2016 IEEE International Conference on Cloud Engineering (IC2E) (2016)
April 4, 2016 to April 8, 2016
DOI Bookmark: http://doi.ieeecomputersociety.org/10.1109/IC2E.2016.21
Traffic for a typical MapReduce job in a data center consists of multiple network flows. Traditionally, network resources have been allocated to optimize network-level metrics such as flow completion time or throughput. Some recent schemes propose using application-aware scheduling which can shorten the average job completion time. However, most of them treat the core network as a black box with sufficient capacity. Even if only one network link in the core network becomes a bottleneck, it can hurt application performance. We design and implement a centralized flow-scheduling framework called Phurti with the goal of improving the completion time for jobs in a cluster shared among multiple Hadoop jobs (multi-tenant).
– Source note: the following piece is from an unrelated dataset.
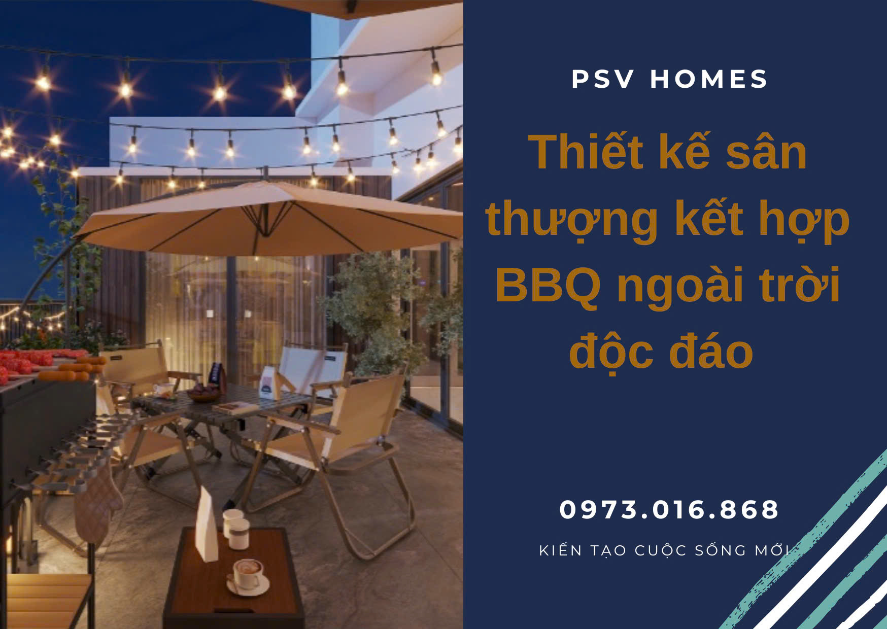 BBQ sân thượng là một trong những ý tưởng thiết kế sân thượng độc đáo, ấn tượng. Phong cách thiết kế này được giới trẻ đặc biệt yêu thích bởi tính hiện đại, tiện nghi mà chúng đem lại. Hãy cùng PSV HOMES đi tìm hiểu một số ý tưởng thiết kế BBQ sân thượng đẹp nhé!

Phurti communicates both with the Hadoop framework to retrieve job-level network traffic information and the OpenFlow-based switches to learn about the network topology. Phurti implements a novel heuristic called Smallest Maximum Sequential-traffic First (SMSF) that uses collected application and network information to perform traffic scheduling for MapReduce jobs. Our evaluation with real Hadoop workloads shows that compared to application and network-agnostic scheduling strategies, Phurti improves job completion time for 95% of the jobs, decreases average job completion time by 20%, tail job completion time by 13% and scales well with the cluster size and number of jobs.
Network topology, Bandwidth, Measurement, Data transfer, Topology, Scheduling algorithms, Schedules
C. X. Cai, S. Saeed, I. Gupta, R. H. Campbell and F. Le, "Phurti: Application and Network-Aware Flow Scheduling for Multi-tenant MapReduce Clusters," 2016 IEEE International Conference on Cloud Engineering (IC2E), Berlin, Germany, 2016, pp. 161-170.